Mel Purcell (born July 18, 1959) is a former professional tennis player and coach from the U.S. His career-high singles ranking was world No. 21, achieved in November 1980. Purcell's finest moment was when he reached the quarterfinals of Wimbledon in 1983. He was head coach of the Murray State University men's tennis team from 1996 to 2016.

Early years
Purcell grew up in Murray, Kentucky, and played in the Kentucky State Tennis Tournament as a fifth-grader, and won two state doubles crowns with older brother Del as a middle schooler. He made the state singles finals three straight years, winning as a senior.

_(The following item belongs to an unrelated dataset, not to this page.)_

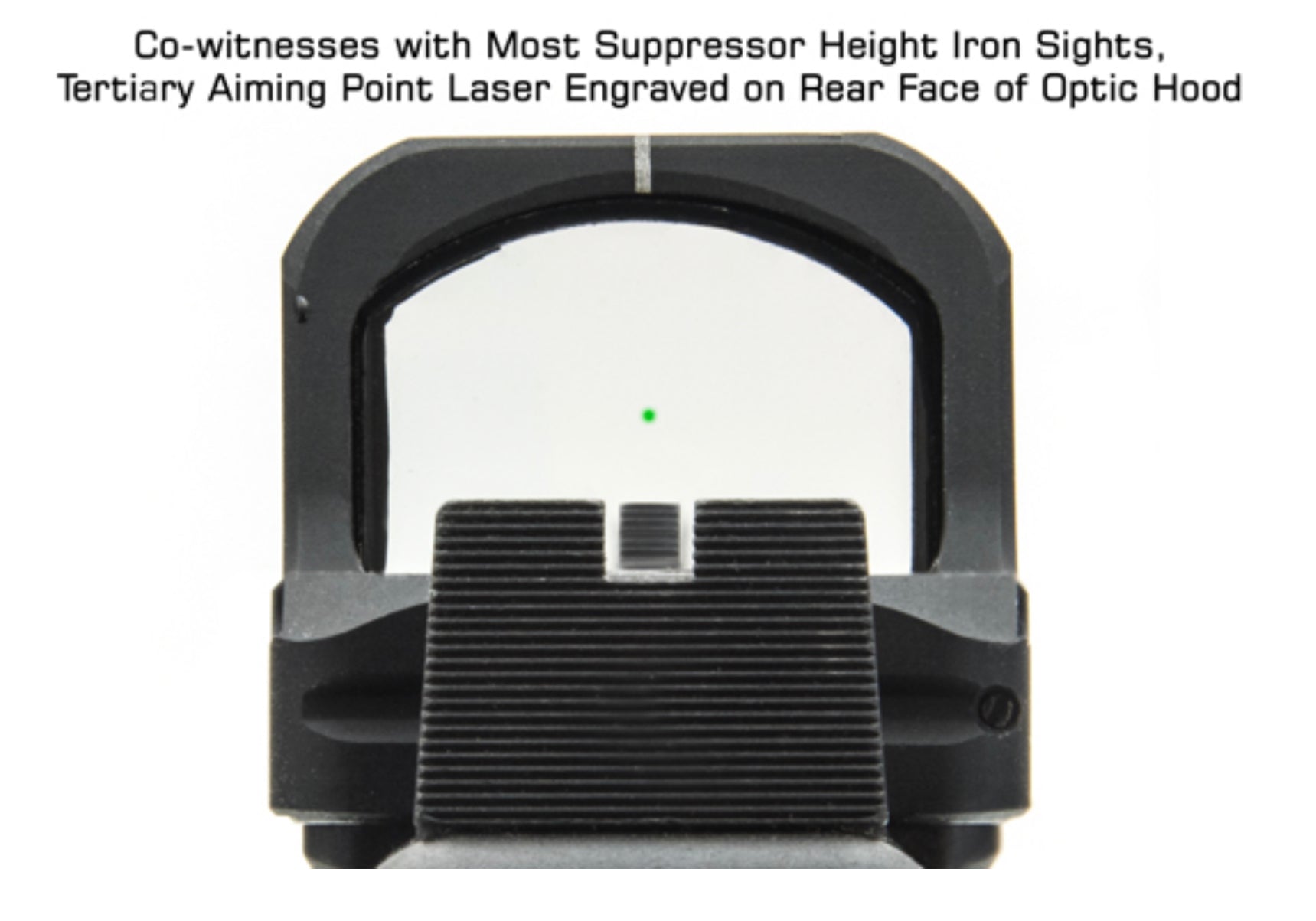 - Tertiary Aiming Point Laser Engraved on Rear Face of Optic Hood

Purcell graduated Murray High School and went on to Memphis State University (now the University of Memphis), where he played for one year. He transferred to the University of Tennessee, where in 1980 he won an NCAA doubles championship with teammate Rodney Harmon.

Pro career
Purcell made his debut on the professional circuit in Summer 1980. As a wild card entrant at the Washington (D.C.) Star Tournament, he upset top-ranked Eddie Dibbs. Two weeks later, he qualified for a spot in the U.S. Clay Courts, where he beat Hank Pfister and top-10 ranked Harold Solomon, then lost in the finals to José Luis Clerc. Purcell saw his Association of Tennis Professionals (ATP) ranking soar from the 300s to the top 40 and was crowned 1980 ATP Rookie of the Year.

The next year, he played at Wimbledon, the first of six appearances (1981–85, 1987). He reached the quarterfinals in 1983, beating Tim Wilkison, Stuart Bale, Andreas Maurer and Brian Gottfried to reach the quarterfinals.

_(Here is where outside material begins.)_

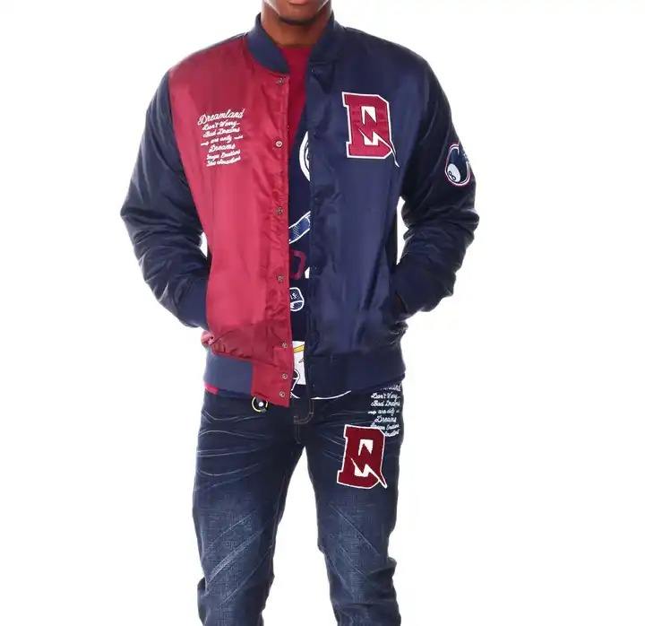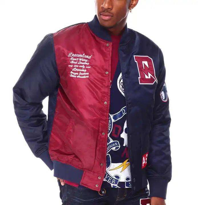 การออกแบบที่กําหนดเองเบสบอลเสื้อแจ็คเก็ตบอมเบอร์แพทช์ที่มีคุณภาพสูงเย็บปักถักร้อยโลโก้ผู้ชายแจ็คเก็ตเบสบอล

Purcell played in the US Open 10 times (1978–87) where he recorded victories over Stan Smith, Andrés Gómez and Ilie Năstase, among others. During this time, he was part of a rare match where he lost to  fifth-seeded José Luis Clerc in the third round of the 1981 US Open despite winning two sets 6–0. He competed in the French Open six times (1981–84, 1987–88) where he twice reached the fourth round in singles and in 1981 reached the doubles quarterfinals with Vincent Van Patten.

Another career highlight was beating Ivan Lendl at the U.S. Pro Tennis Championships in Boston in 1982.

Injuries to his elbow from a car accident and a pulled stomach muscle slowed his career in 1985, but a year later, he beat Boris Becker in the German Open.

Purcell won three ATP singles titles in 1981: at Atlanta, Tampa and Tel Aviv. He also teamed to claim four doubles titles: at Delray Beach (1982 with Chip Hooper), Munich (1982 with Eliot Teltscher) and Vienna (1983 with Stan Smith and 1987 with Tim Wilkison).

Awards and accolades 
In 2015, Purcell was inducted into The Kentucky Athletic Hall of Fame.

Career finals

Singles (3 titles)

Doubles (4 titles)

Today
Purcell was the head men's tennis coach at Murray State University from 1996 – when he succeeded his father, hall of fame coach Bennie Purcell – until the university dropped the sport in 2016. He led Murray State to back-to-back Ohio Valley Conference titles in 2001 and 2002 and was named OVC Coach of the Year both seasons.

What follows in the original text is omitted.